= Navon figure =

Larger shape built out of smaller, distinct shapes. e.g a large "N" drawn in small "a"s

A Navon figure is made of a larger recognisable shape, such as a letter, composed of copies of a smaller different shape. Navon figures are used in tests of visual neglect. The research of David Navon demonstrated that global features are perceived more quickly than local features. Jules Davidoff also performed research, but in a remote culture, finding opposite results; the participants more readily identified the local features. Patients with simultanagnosia have difficulty identifying global features, and when presented with a Navon figure will identify only the local features. A 2010 study comparing global-local processing in different races, found that East Asians demonstrated significantly stronger global processing than Caucasians.

==Example==
A letter T (global) composed of repeat copies of the letter S (local).

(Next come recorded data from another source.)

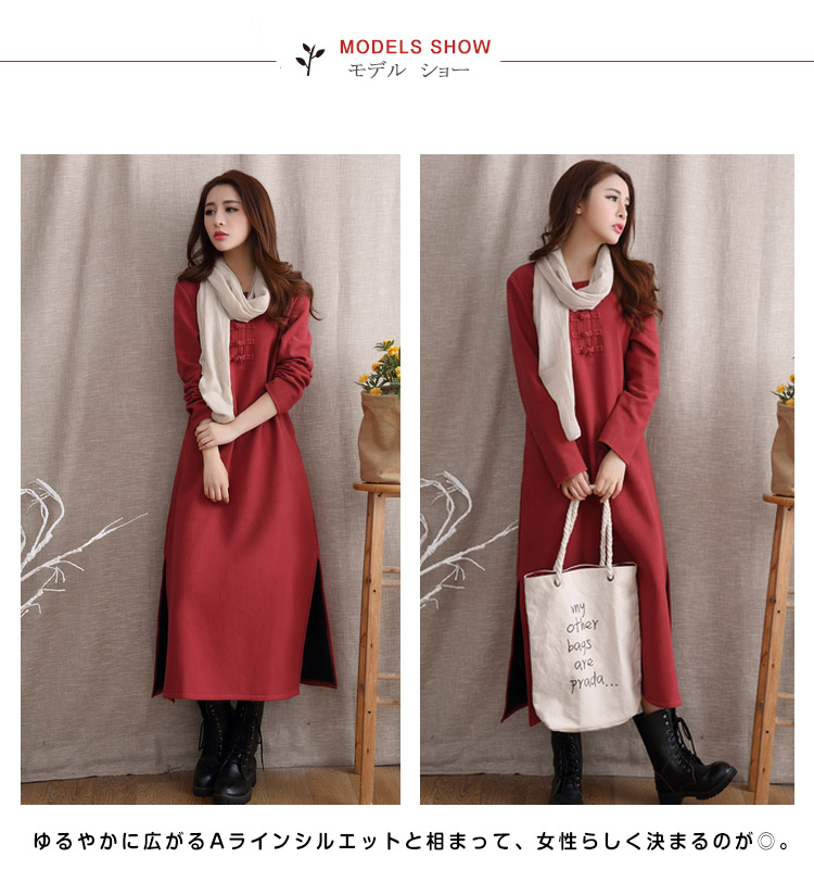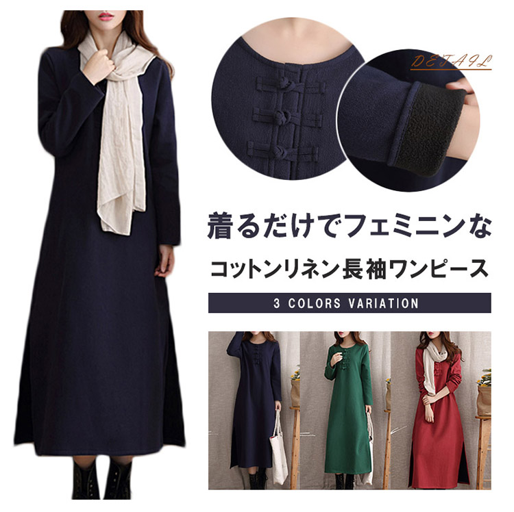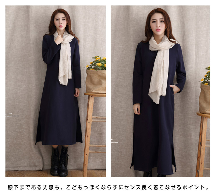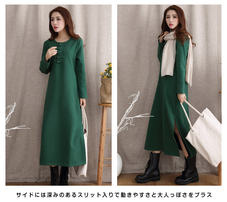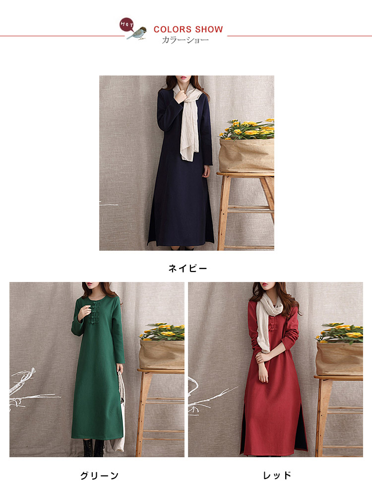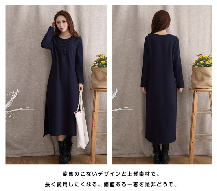| 着るだけでフェミニンな、コットンリネン長袖ワンピース。ゆるやかに広がるAラインシルエットと相まって、女性らしく決まるのが◎。サイドには深みのあるスリット入りで動きやすさと大人っぽさをプラス膝下まである丈感も、こどもっぽくならずにセンス良く着こなせるポイント。飽きのこないデザインと上質素材で、長く愛用したくなる、価値ある一着を是非どうぞ。 | |
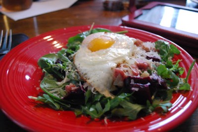 Saute a chopped onion in about 2 t of butter, over medium low heat. I went with a chop instead of the more attractive rings because I wanted the carmelization to happen sooner rather than later – greater area, quicker cook, right? After a quick stir to make sure the onions were all coated in butter, I turned the heat to low and allowed them to get beautifully soft. At that point, I added a thick slice or 2 of leftover spiral ham that I had cubed. As the onions and ham became acquainted, I laid out a couple of piles of greens and dressed them with olive oil and fresh lemon juice. I tossed some roasted beets on the plate and then shaved Parmesan generously all over – like snowmageddon generous. The gorgeous onions and ham were distributed around the plate and then I cooked 2 eggs perfectly over easy in the onion/ham pan. Ah – the crowning glory of the fried egg! Lavishly salt and pepper – then dip your fork into the yolk and let the mouth party begin. De-frikkin’-licious! It was a meal that was like the best of books – sad to conclude, but remaining alive in your memory for long after the inevitable end.
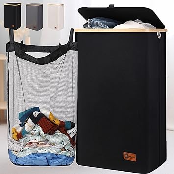 DOFASAYI Laundry Hamper with lid - 120L XL- Large Laundry Basket with Bamboo Handles, Portable Clothes Hamper for Dorm Room, Bathroom, bedroom, Grey foldable Hamper for Toys, closet, Clothing, Black
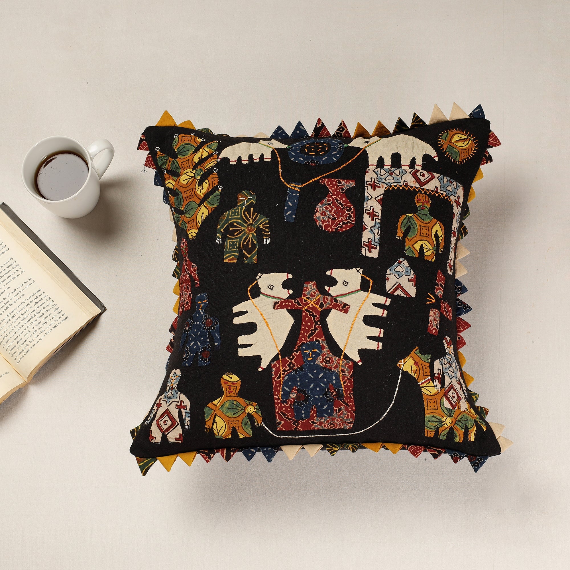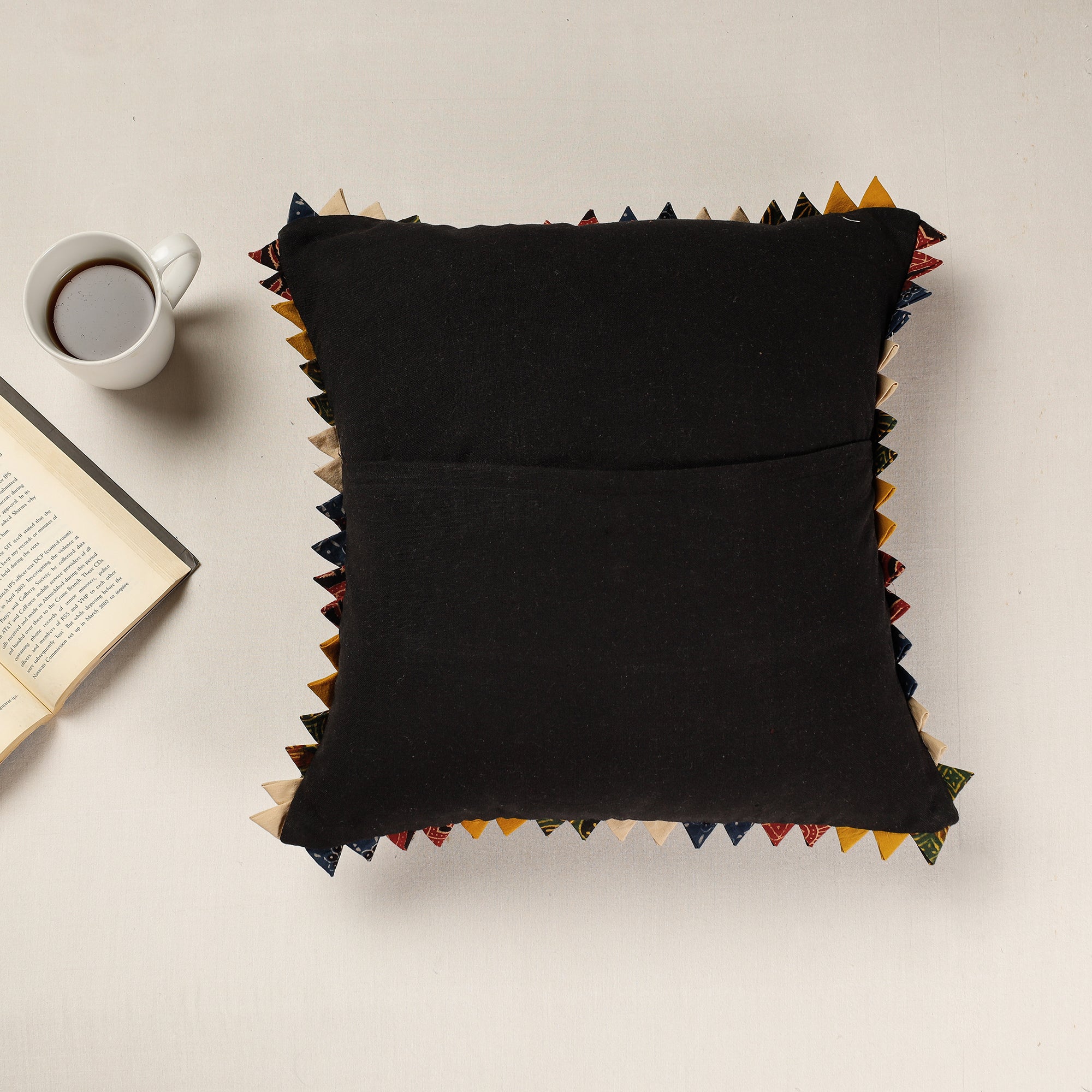 Fine quality applique cutwork cotton cushion cover. This cushion cover is made from cotton fabric with applique cut work by artisans of Kala Raksha.
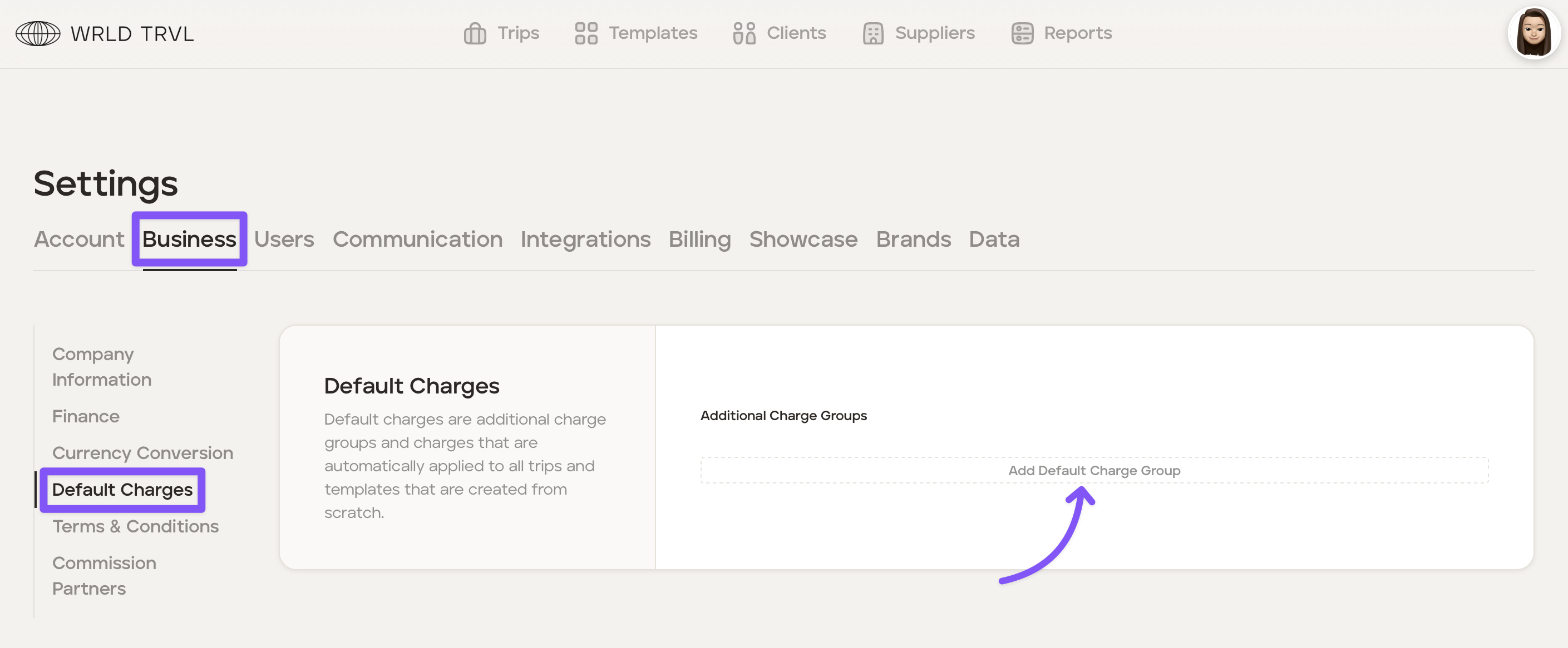In the 'Business' tab click 'Default Charges'.
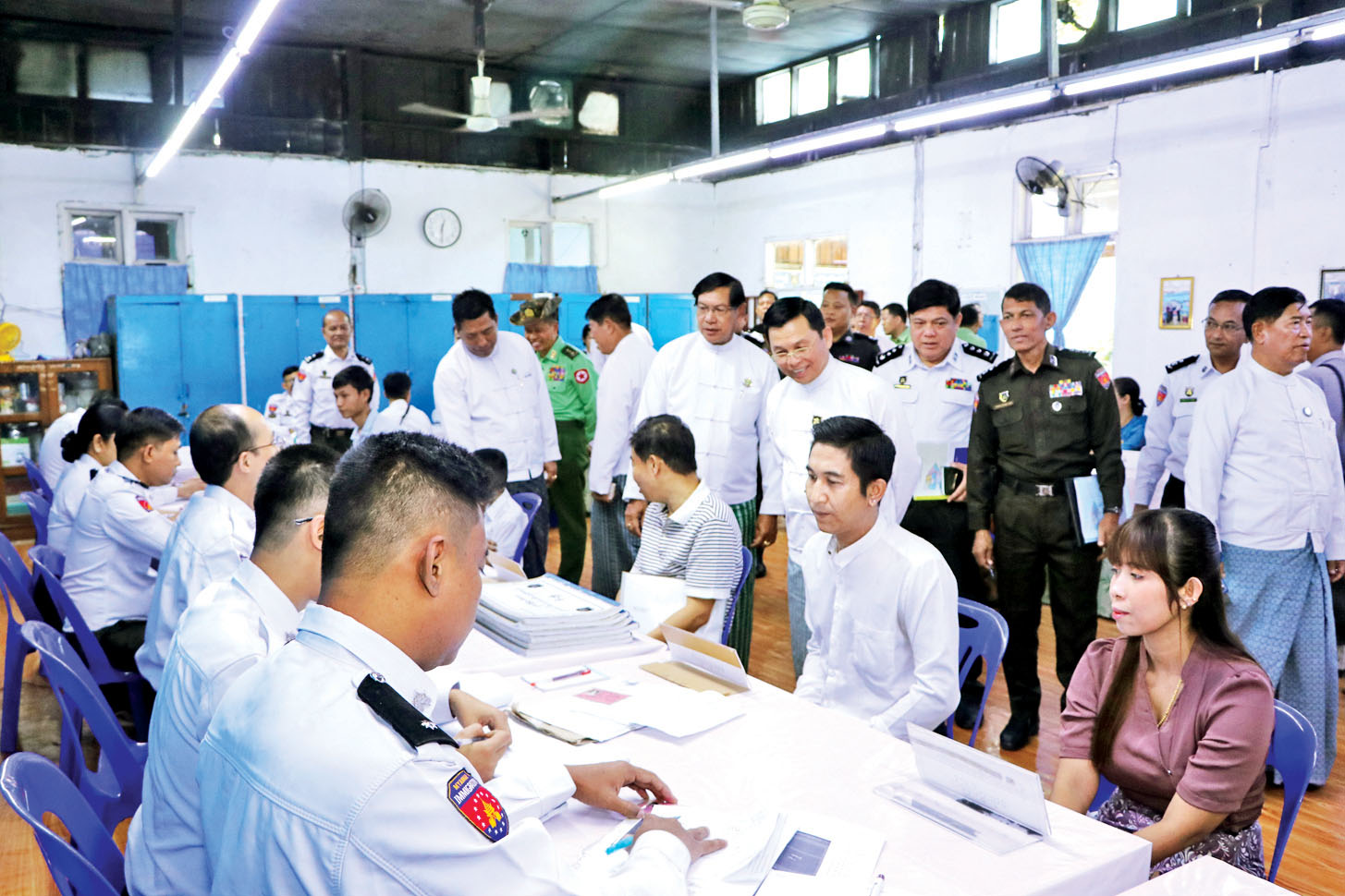 ဆက်လက်၍ ပြည်ထောင်စုဝန်ကြီးနှင့် တိုင်းဒေသကြီးဝန်ကြီးချုပ်တို့သည် အလုံခရိုင် ဦးစီးမှူးရုံးအတွင်း ဝန်ထမ်းများ ရုံးလုပ်ငန်း ဆောင်ရွက်နေမှုနှင့် ရုံးစာရွက်စာတမ်းများ ထိန်းသိမ်းထားရှိမှု တို့ကို လှည့်လည်ကြည့်ရှုစစ်ဆေးပြီး ပြည်ထောင်စုဝန်ကြီးက ရွေးကောက်ပွဲ အောင်မြင်စွာ ကျင်းပနိုင်ရေးအတွက် ဆောင်ရွက်ရမည့်လုပ်ငန်းများ အချိန်မီပြီးစီး အောင်မြင်စေရန် ဆက်စပ်ဌာနများနှင့် ညှိနှိုင်းပေါင်းစပ်ဆောင်ရွက်ရေး၊ လုံခြုံရေးအသိ၊ လုံခြုံရေးသတိ အမြဲရှိစေရေး မှာကြားသည်။
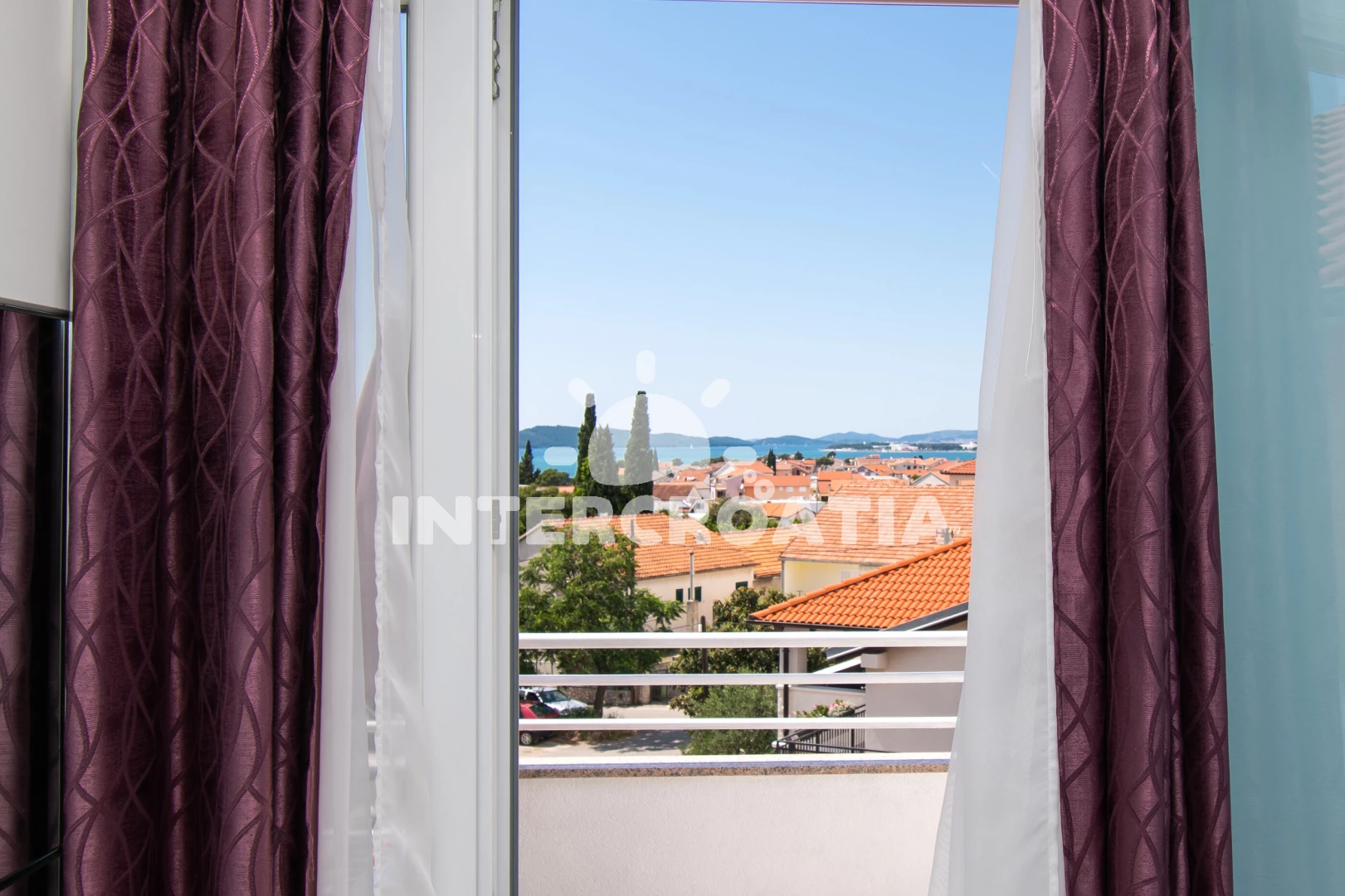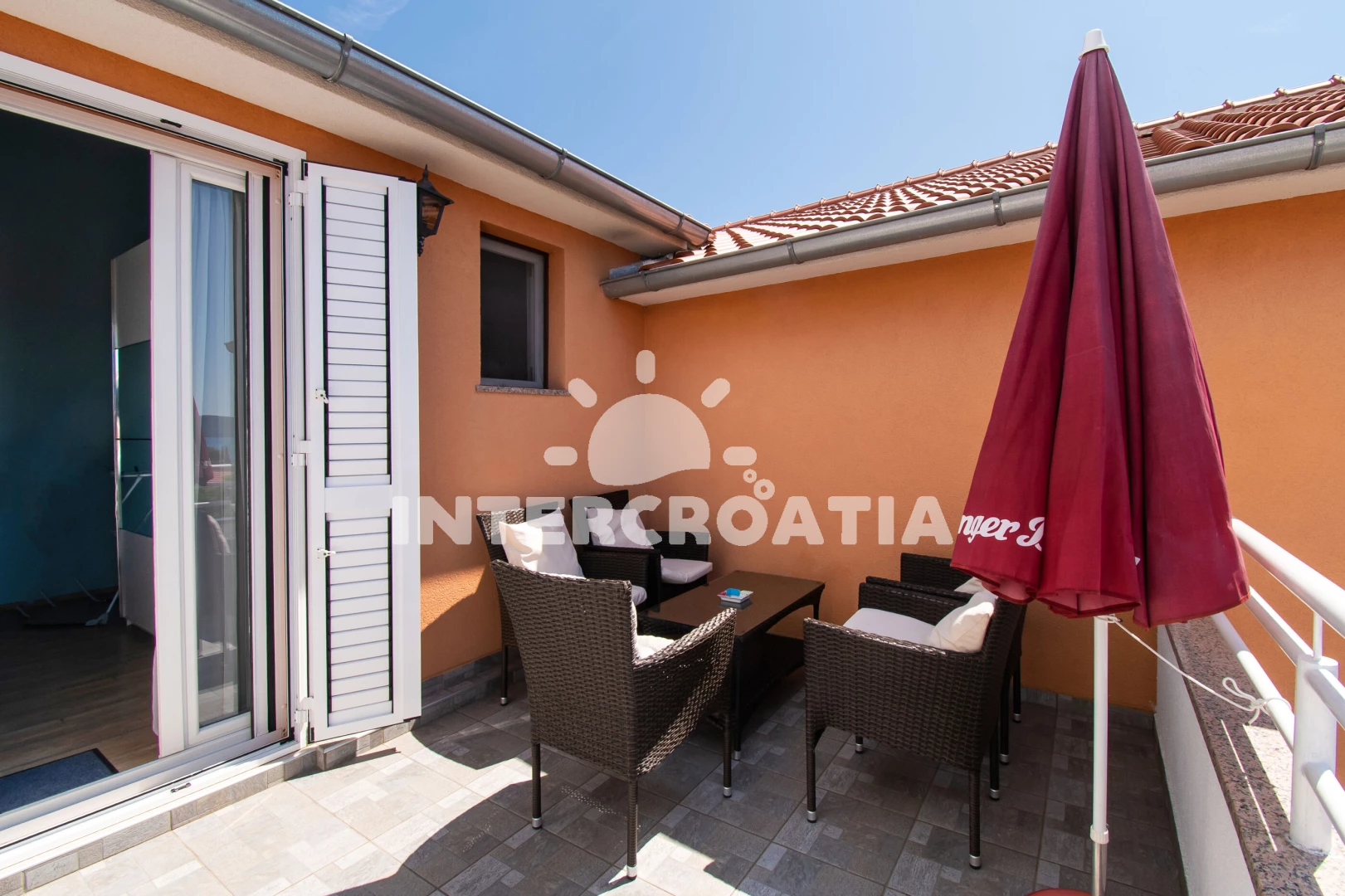 Prostorný apartmán (120 m2) s terasou, částečným výhledem na moře a venkovním posezením se nachází ve 2. patře domu. Apartmán má 2 ložnice, 2 koupelny a je vhodný pro 4 až 6 osob. Obývací pokoj je spojený s kuchyní. Kuchyňská linka je vybavena varnou deskou, vestavěnou troubou, digestoří, myčkou na nádobí, kávovarem, nádobím a lednicí s mrazákem. Obývací pokoj s jídelním stolem, pohovkou (rozložitelná na extra lůžko pro 2 osoby), televizí, rádiem a klimatizací. První ložnice s jedním dvoulůžkem. Druhá ložnice s dvěma jednolůžky. První i druhá koupelna se sprchovým koutem, umyvadlem a wc. Hostům je k dispozici parkování u objektu zdarma.
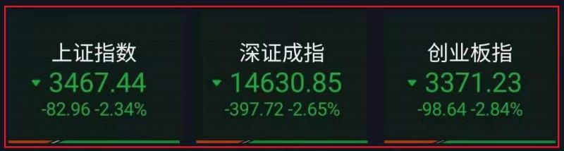 盘面上,国防军工、MINILED、特高压涨幅居前,饮料制造、白酒概念、医美概念跌幅前列。截至收盘,沪指跌2.34%,报收3467点;深成指跌2.65%,报收14925点;创业板指跌2.87%,报收3370点。
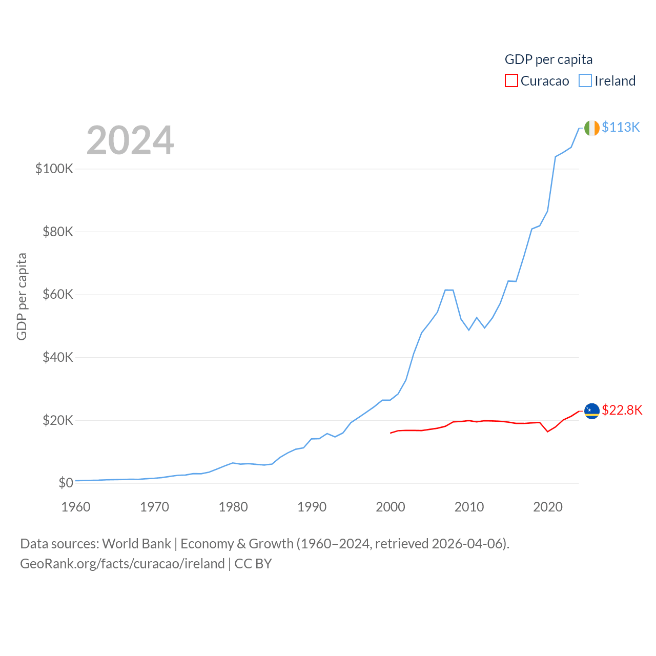 By GDP, Curacao ranks 167/197 ($3.56B) and Ireland ranks 25/197 ($609B). By GDP per capita, Curacao ranks 56/197 ($22,833), while Ireland ranks 4/197 ($112,895).

 SSSSSSSSSSSSSSSSSSSSSSSSS
 SSSSSSSSSSSSSSSSSSSSSSSSS
 SS SSSSS SS
           SSSSS
           SSSSS
           SSSSS
           SSSSS
           SSSSS
           SSSSS
          SSSSSSS
       SSSSSSSSSSSSS

==The Navon effect==
Reading Navon figures has been found to affect a range of tasks. It has been shown that just 5 minutes reading out the small letters of Navon figures has a detrimental effect on face recognition. The size of the Navon effect has been found to be influenced by the properties of the image. The effect is short lived (lasting less than a couple of minutes).

The Navon effect has also been observed in other tasks such as golf putting where reading the small Navon letters leads to poorer putting performance.